Arena closing adds to pressure on Barclays Center's junk bonds
The credit risk to Barclays Center in New York’s Brooklyn borough — closed due to the COVID-19 outbreak — is especially acute because its bonds were already junk, according to Moody’s Investors Service.
The arena opened in 2012. It hosts both National Basketball Association and National Hockey League games, although the NHL’s Islanders are moving back to their Nassau County roots in Uniondale, New York, full time as of this year's playoffs, if they are held and the team qualifies.
Professional sports leagues and the National Collegiate Athletic Association have suspended games due to the virus escalation. Also lost to Barclays Center was last week's Atlantic 10 men’s basketball championship tournament.
New York Gov. Andrew Cuomo announced last week the temporary ban on gatherings with more than 500 people, one of many actions aimed to contain the virus.
The suspension removes two critical revenue streams, according to Moody’s.
Moody’s in October downgraded the bonds to Ba1 from Baa3, affecting roughly $524.0 million of PILOT Revenue Bonds issued by the Brooklyn Arena Local Development Corp.
Moody’s cited the loss of the benefit derived from the reserve account established in May 2018 with a portion of the proceeds from the minority sale of the NBA’s Brooklyn Nets, the anchor tenant. In September 2019, Alibaba Group co-founder Joe Tsai purchased the remaining 51% stake in the Nets from Russian businessman Mikhail Prokhorov as well as full ownership in the arena.
According to Moody’s, under the new licensing agreement signed at the time, more of the shared revenues, including naming rights, sponsorships, luxury suites and concession revenues, will go to the arena, which will help mitigate the financial impact of any game cancellations.
Revenues from non-Nets events will lost, however, through event cancellations. The building also hosts other events such as concerts, family events and other professional sports such as boxing and e-sports.
Ticket sales, more vulnerable to cancellations, go to the team.
According to Moody’s, some rated issuers, notably those for the Mets and Yankees baseball stadiums, could be less affected unless the virus outbreak lengthens.

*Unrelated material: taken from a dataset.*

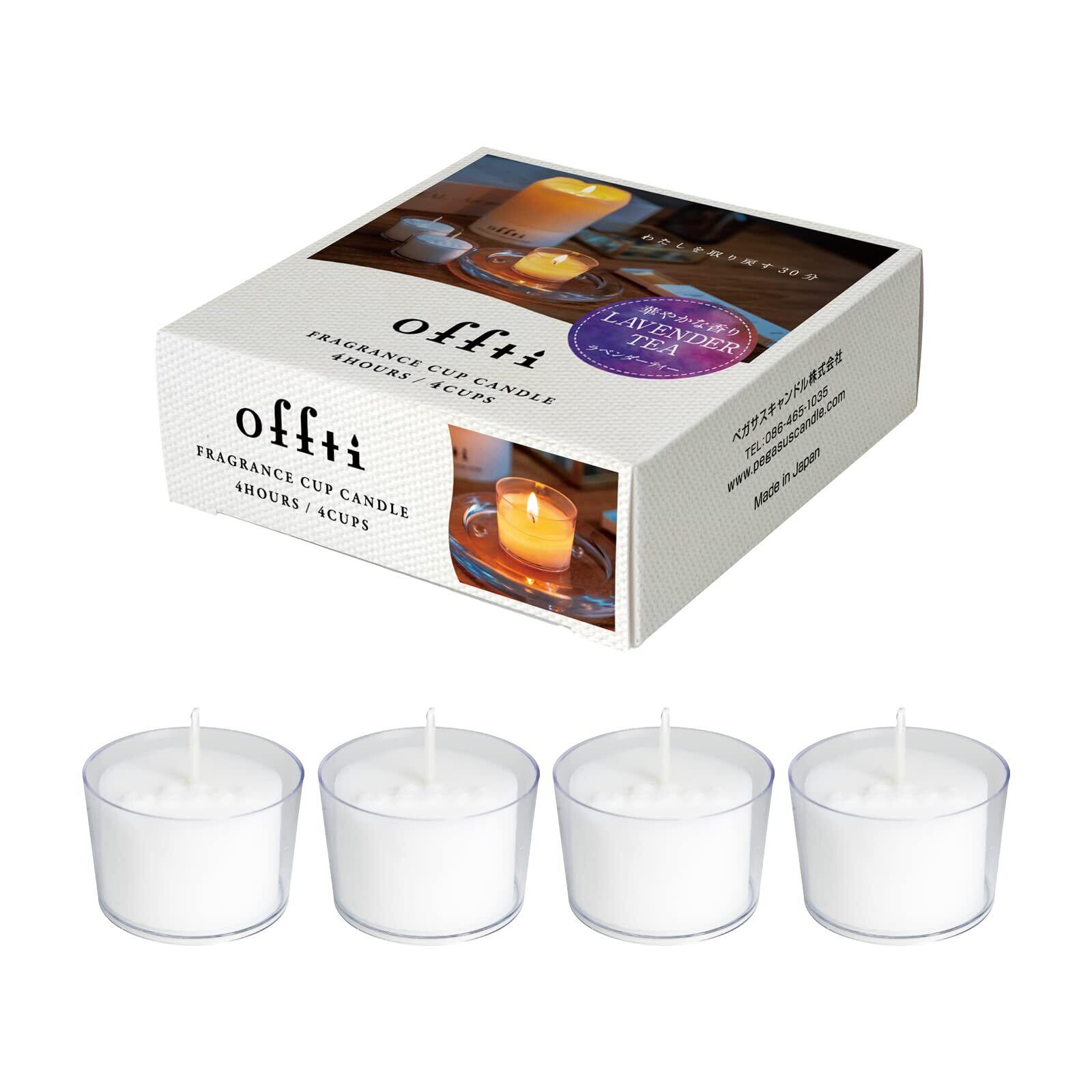 オフティ アロマキャンドル ラベンダーティーの香り 4時間×4個セット 天然香料配合 燃焼時間16時間 リラックス&睡眠導入 日本製 夜の癒し空間作り 贅沢な眠りへ導くギフトにも最適 フレグランスカップ offti

Citi Field and the latest iteration of Yankee Stadium opened in 2009, backed by Yankee Stadium LLC (Baa1 stable) and Queens Ballpark Co. LLC (Baa2 stable) bonds, respectively.
Major League Baseball canceled the remainder of spring training and delayed the start of the season for at least two weeks, to mid-April.
“April also typically has low attendance figures for most baseball teams given the colder weather at the outdoor stadiums,” Moody’s said.
“If the coronavirus outbreak is prolonged, however, it will ultimately result in lower revenues from ticket sales, the sole source of pledged revenues for Yankee Stadium LLC bondholders and one of the key sources of pledged revenues for the Mets, but not all ticket sales are pledged to Queens Ballpark Company LLC bondholders.”
Yankee Stadium also hosts games for Major League Soccer's New York City Football Club. MLS announced a 30-day suspension Thursday. Its regular season is scheduled to run into October.